───── COLLECTED MATERIAL ─────

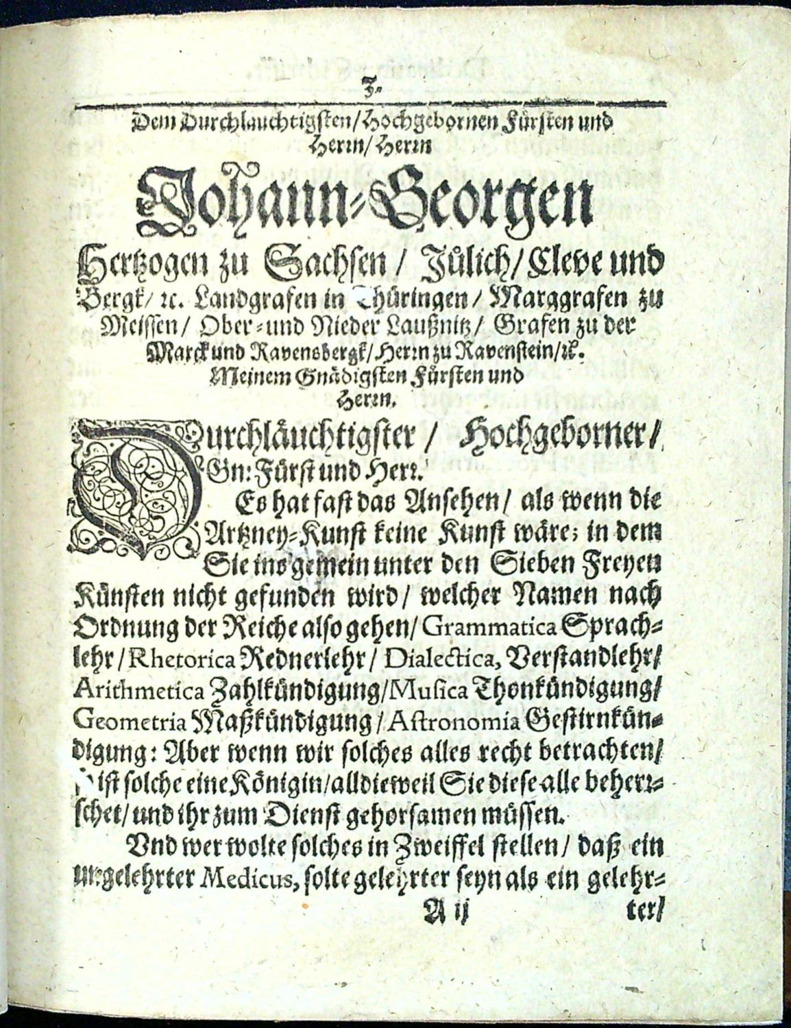 Za titulním listem autorova dedikace saskému vévodovi Johannu Georgovi. První vydání vzácného hermetického spisu Michaela Crügnera, lékaře v Drážďanech.
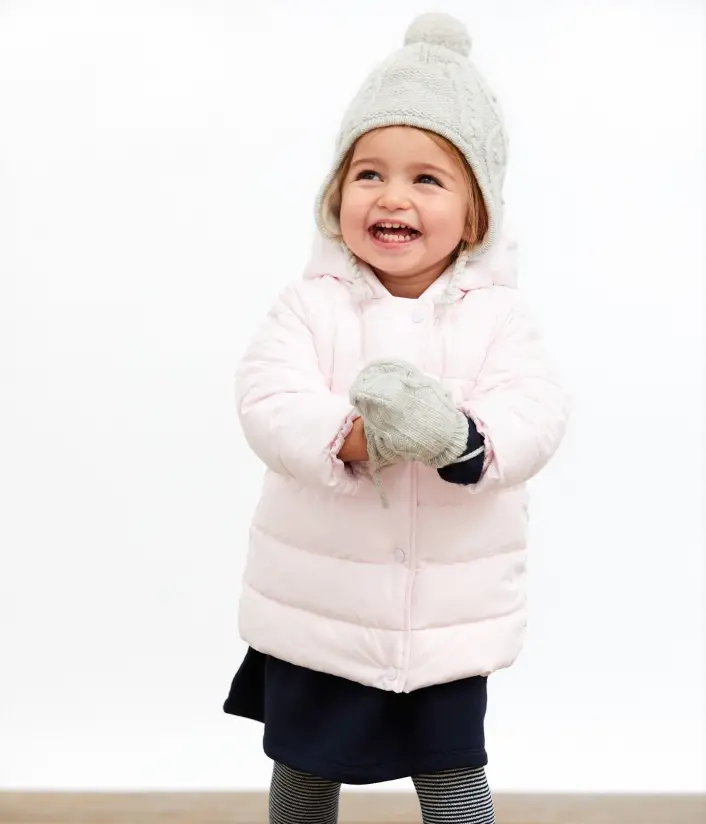 Куртка для девочки с капюшоном легко носится и идеально подходит для повседневной носки. Детская куртка имеет объем и форму, предназначенную для младенцев, с длиной до колена и эластичными манжетами на запястьях.
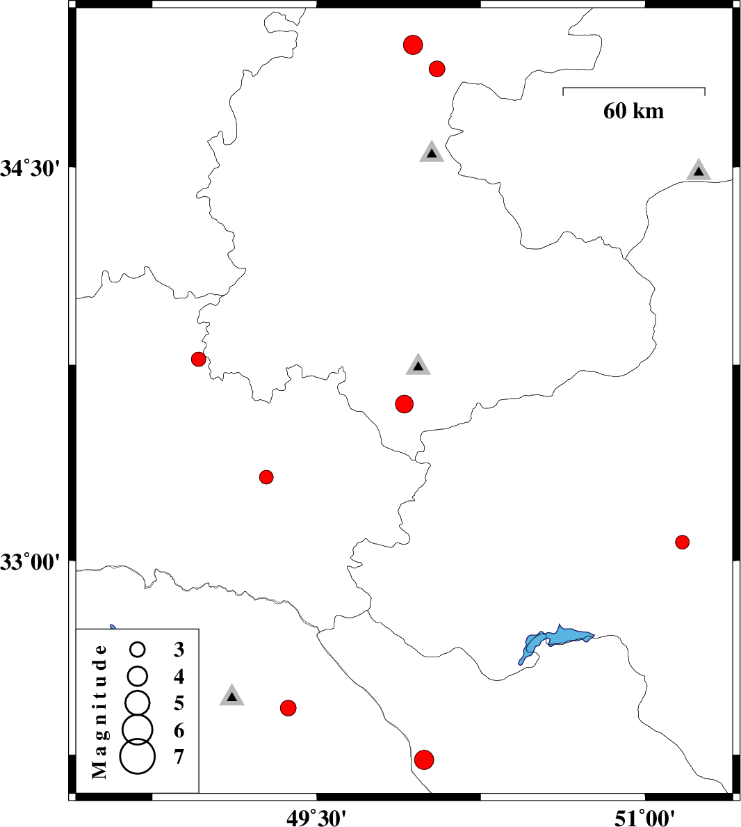 | 2011/06/13 | 10:08:12.6 | 14:38:12.6 | 33.77 | 48.96 | 15 | ML:3 | Lorestan Province, 23 km South-East of Borujerd | ||
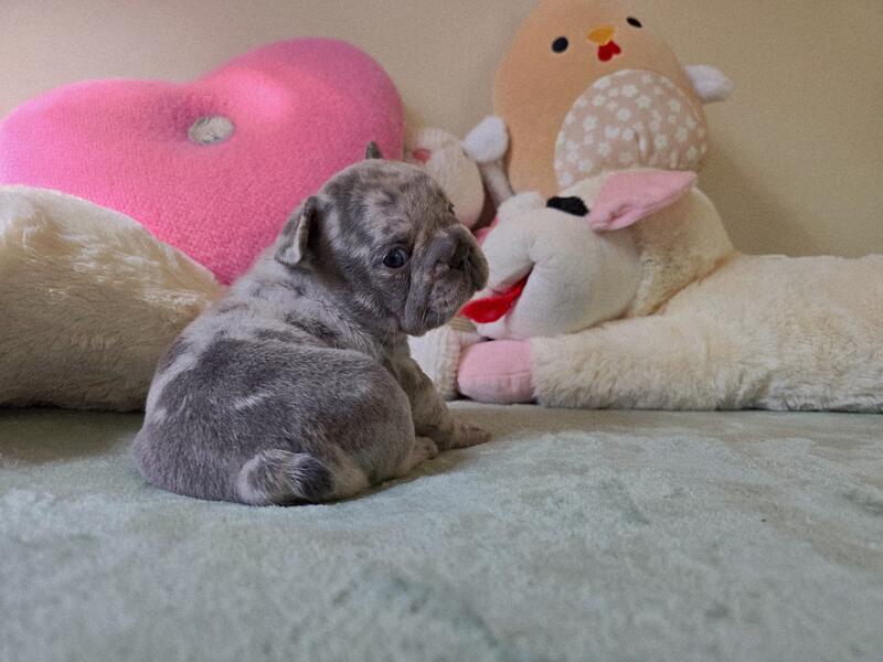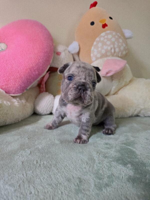 Litter of four french bulldog puppies. 1 male, 3 females. Born May 23, 2025. Clean bill of health and super sweet!

─────

--- TASK GOAL ---
Output all of the data above exactly; no pictures should appear.

--- WRITTEN ANSWER ---
 Za titulním listem autorova dedikace saskému vévodovi Johannu Georgovi. První vydání vzácného hermetického spisu Michaela Crügnera, lékaře v Drážďanech.
 Куртка для девочки с капюшоном легко носится и идеально подходит для повседневной носки. Детская куртка имеет объем и форму, предназначенную для младенцев, с длиной до колена и эластичными манжетами на запястьях.
 | 2011/06/13 | 10:08:12.6 | 14:38:12.6 | 33.77 | 48.96 | 15 | ML:3 | Lorestan Province, 23 km South-East of Borujerd | ||
 Litter of four french bulldog puppies. 1 male, 3 females. Born May 23, 2025. Clean bill of health and super sweet!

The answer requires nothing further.